The Protocol Split: Tools vs. Peers
The distinction between MCP and A2A maps to a fundamental difference in how agents interact with external systems.
MCP is for agent-to-tool communication. When an agent needs to query a database, call a REST API, read a file, or invoke any passive capability, it uses MCP. The tool doesn’t have its own reasoning — it exposes a function, the agent calls it, and it returns a result. MCP standardized this interaction pattern with a schema for tool discovery, typed inputs/outputs, and safety annotations.
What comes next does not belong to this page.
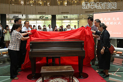 赵小中,赵元任先生次女赵新那之子黄家汉、黄家林,乐竞首页原党委书记贺美英,副校长谢维和,图书馆馆长邓景康等六人共同为钢琴揭幕。捐赠仪式由文科建设处处长苏竣主持。

The numbers speak for themselves: MCP crossed 97 million monthly SDK downloads in February 2026. Every major AI provider — Anthropic, OpenAI, Google, Microsoft, Amazon — now supports it. It moved from Anthropic’s internal experiment to an industry standard governed by the Agentic AI Foundation under the Linux Foundation.
A2A is for agent-to-agent communication. When an agent needs to delegate a task to another agent that has its own reasoning, planning, and autonomy, it uses A2A. The key difference is that the peer agent is opaque — you don’t call a function, you describe what you need and let the other agent figure out how to accomplish it.
Google launched A2A in April 2025 with over 50 partners. By March 2026, the enterprise adoption list reads like a who’s who: Adobe is using A2A to make its distributed agents interoperable with Google Cloud’s ecosystem. S&P Global Market Intelligence adopted it for inter-agent communication across its data services. Microsoft added A2A support in Azure AI Foundry and Copilot Studio. SAP wired it into Joule, its AI assistant.
Here’s how the two protocols layer:
┌─────────────────────────────────────────────┐
│ Agent-to-Agent (A2A) │
│ "Find me the top 10 customers by LTV │
│ and draft a retention campaign" │
├─────────────────────────────────────────────┤
│ Agent A │ Agent B │
│ (Orchestrator) │ (Marketing) │
│ │ │ │ │
│ ▼ │ ▼ │
│ ┌─────────┐ │ ┌─────────┐ │
│ │ MCP │ │ │ MCP │ │
│ │ Tools │ │ │ Tools │ │
│ └────┬────┘ │ └────┬────┘ │
│ ▼ │ ▼ │
│ Database API │ Email Service │
│ (Faucet) │ (SendGrid) │
└─────────────────────────────────────────────┘Agent A uses MCP to query your database for customer data. It delegates the campaign task to Agent B via A2A. Agent B uses MCP to call the email service. Neither agent needs to know the other’s implementation. Both need structured, typed access to the services underneath.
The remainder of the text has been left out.